November 30, 2006 at 3:56 am
I have 2 tables (more than 10 million rows each).
table1 has 3 columns
a - datatype - varchar, b - varchar, c - float
there is no primary key or index
there is data in column a,b & all the rows of column c have null value
table2 has same 3 columns
a - varchar, b - varchar, c - varchar
there is no primary key or index
there is data in column a,b,c...
I have a simple procedure to put the c value of table2 into c value of table1.
The procedure looks like this
------------------------------------------------------------
create procedure my_procedure as
begin
declare @a nvarchar(255),@b nvarchar(255)
declare @C nvarchar(255)
declare c1 cursor dynamic
for select a,b,c from table2
open c1
fetch next from c1 into @a,@b,@c
while(@@fetch_status = 0)
begin
update table1
set c = @C
where a = @a and
b = @b-2
print @C
print @a
fetch next from c1 into @a,@b,@c
if @@error <> 0
print 'exception 1 ' + @@error
end
close c1
deallocate c1
end
------------------------------------------------------------
It takes arround 17 hrs to update 2000 records, is there a way to optimize this procedure code? (I dont have the rights to add keys to table or index..etc. only code changes)

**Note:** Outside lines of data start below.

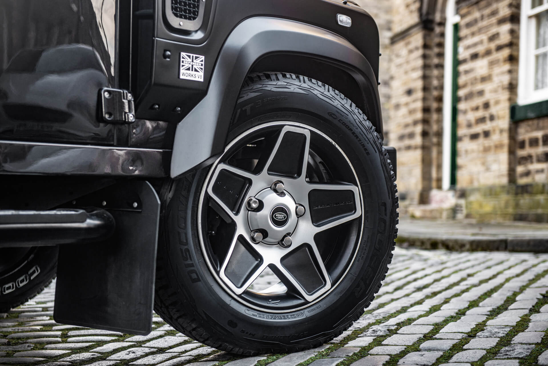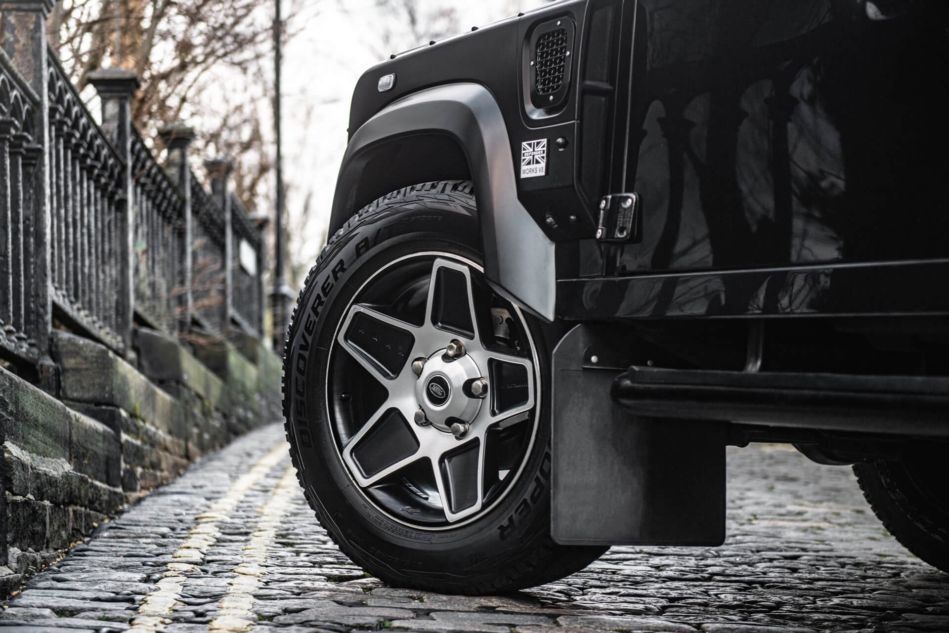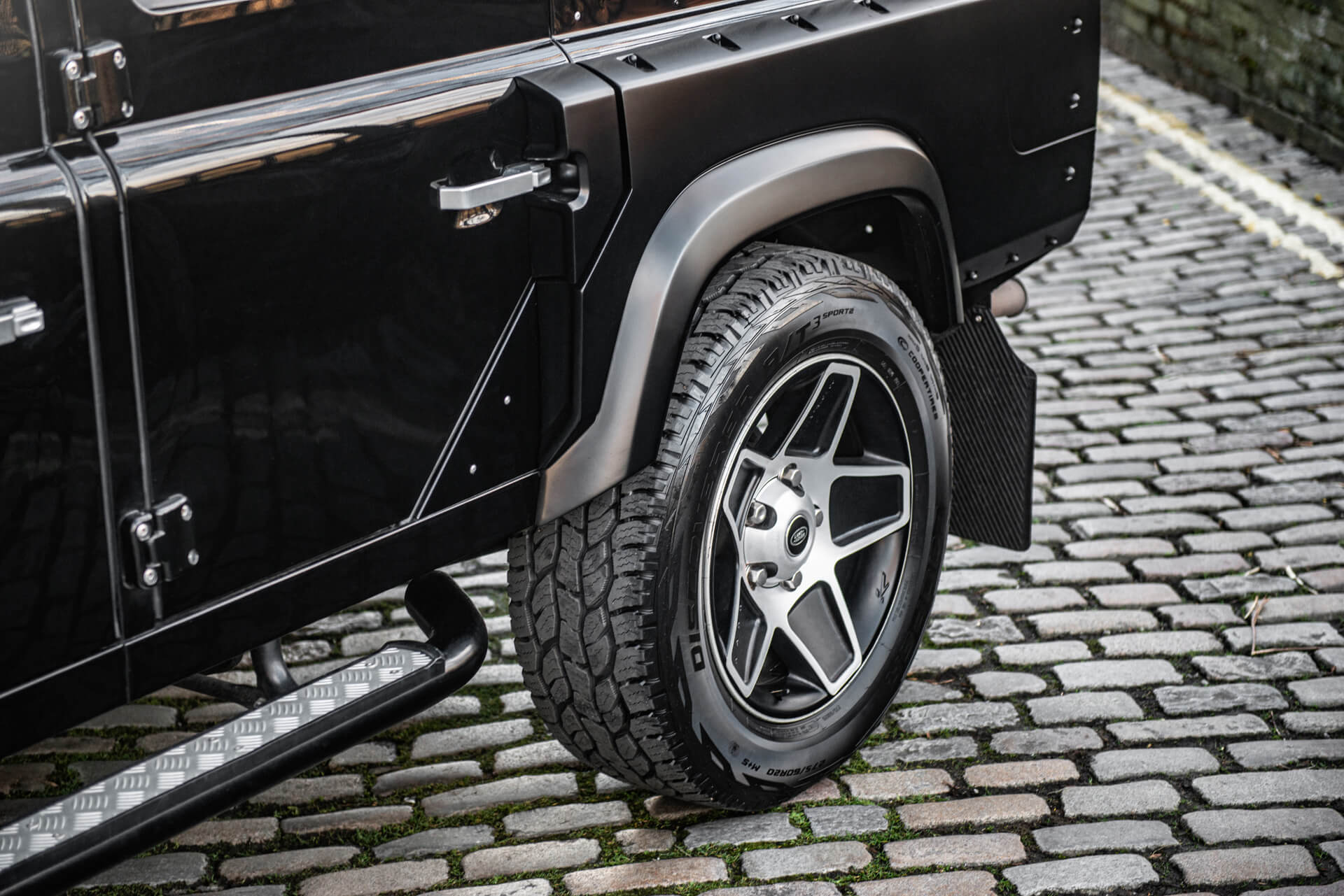 To complete the transformation, we fitted a custom set of our flagship Model Retro wheels in a striking diamond-cut satin black finish. These wheels offer a bold yet elegant contrast, reinforcing the Defender’s luxurious yet rugged persona.
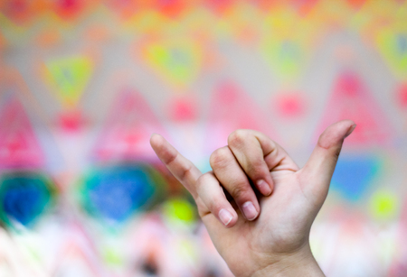Photograph of a human hand making a symbol
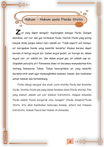 fluida. Statika fluida ada yang dalam keadaan diam (fluida statis). Jika

Its actually data transfer of column c from table1 to table2
November 30, 2006 at 5:38 am
Hi Srinidhi,
you are already receiving responses in the original topic where you mentioned the same question.
http://www.sqlservercentral.com/forums/shwmessage.aspx?forumid=8&messageid=326295&p=2
And I agree with Gila that there is little use trying to rewrite the code unless your table with 10M rows is properly indexed. Gila has already posted a set-based solution for your update (based on the info you supplied) which will run quick if the tables are indexed.

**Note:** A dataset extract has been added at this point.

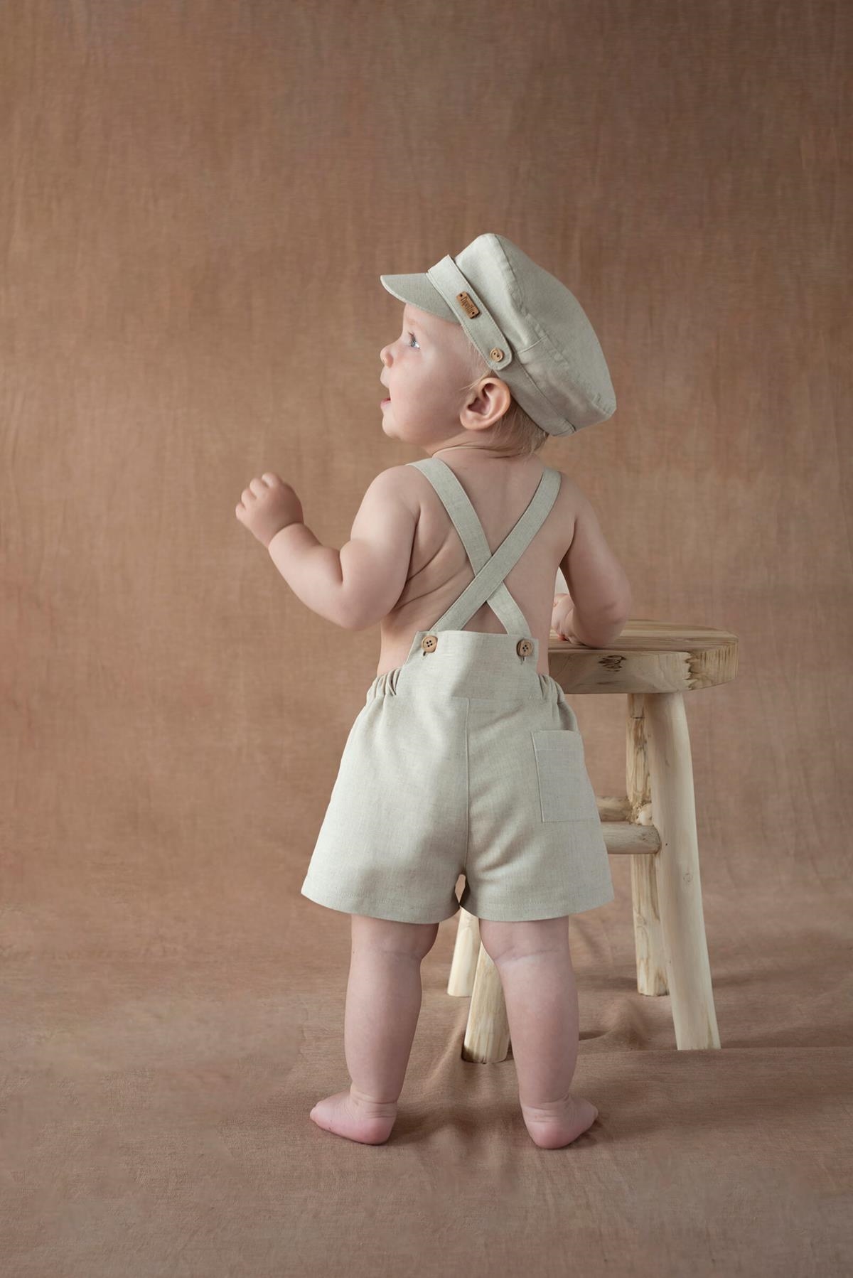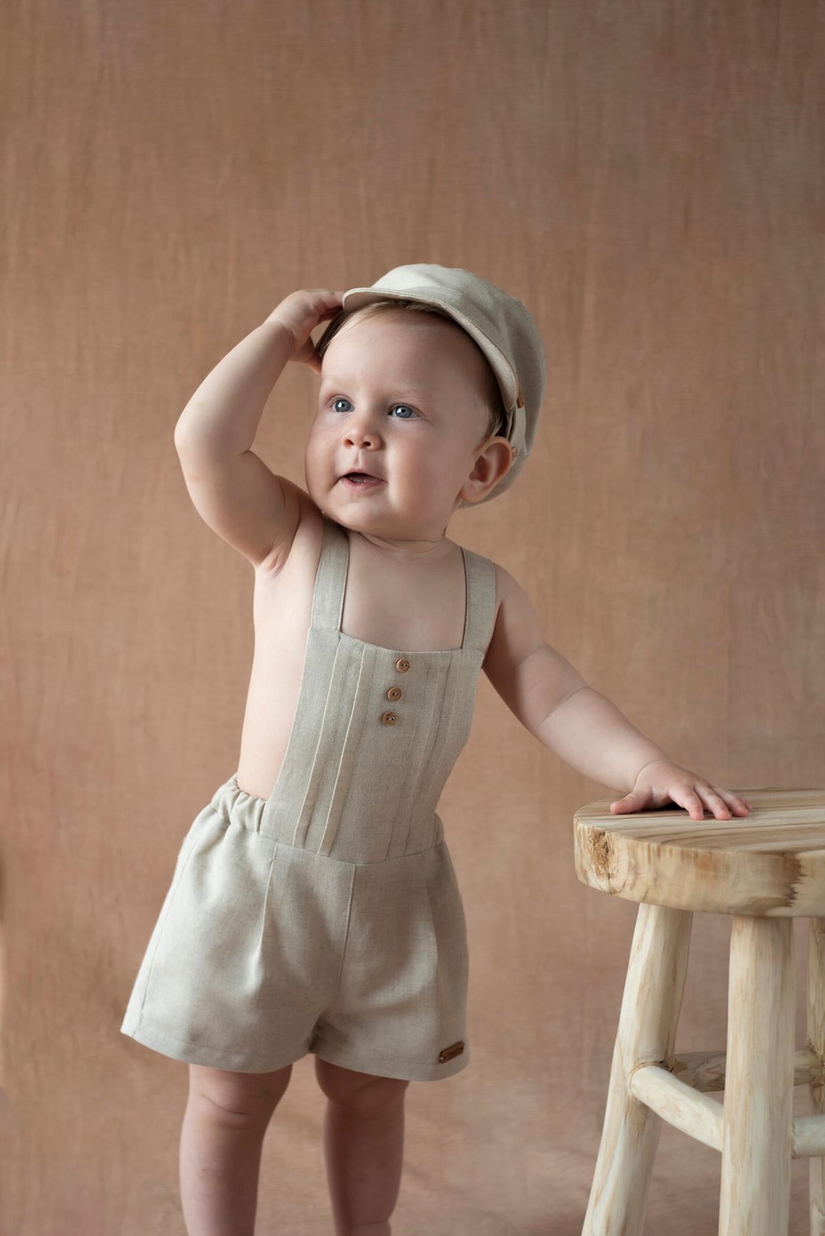 Ref. SS26 Mod.10.1 Sand linen dungarees with pleat

You said you can't change indexes - but you can at least look at them, I suppose... If necessary indexes are missing, contact the person who can create indexes and have an index added where necessary.
November 30, 2006 at 8:04 am
Why do you need to use a cursor?
The big 'C' is a big No No in SQL Server.
December 1, 2006 at 10:27 am
here is a solution that takes 2 minutes and 23 seconds for 1 million records. Obviously the time taken will be exponential for 10 such sets, because the scan size will increase with every insert.
I can visualize situations where indexing is not feasible, wherein you may want to simultaneously use the same set of tables for updation as well as sequential read access
Other than that, I am not sure why your DBA is not indexing the tables. Please send him Steve Jones' editorial from yesterdays newsletter.
--Step 1
--======
if exists(select * from sysobjects where name = 't1')
drop table t1
create table t1(f1 varchar(10), f2 varchar(10), f3 float)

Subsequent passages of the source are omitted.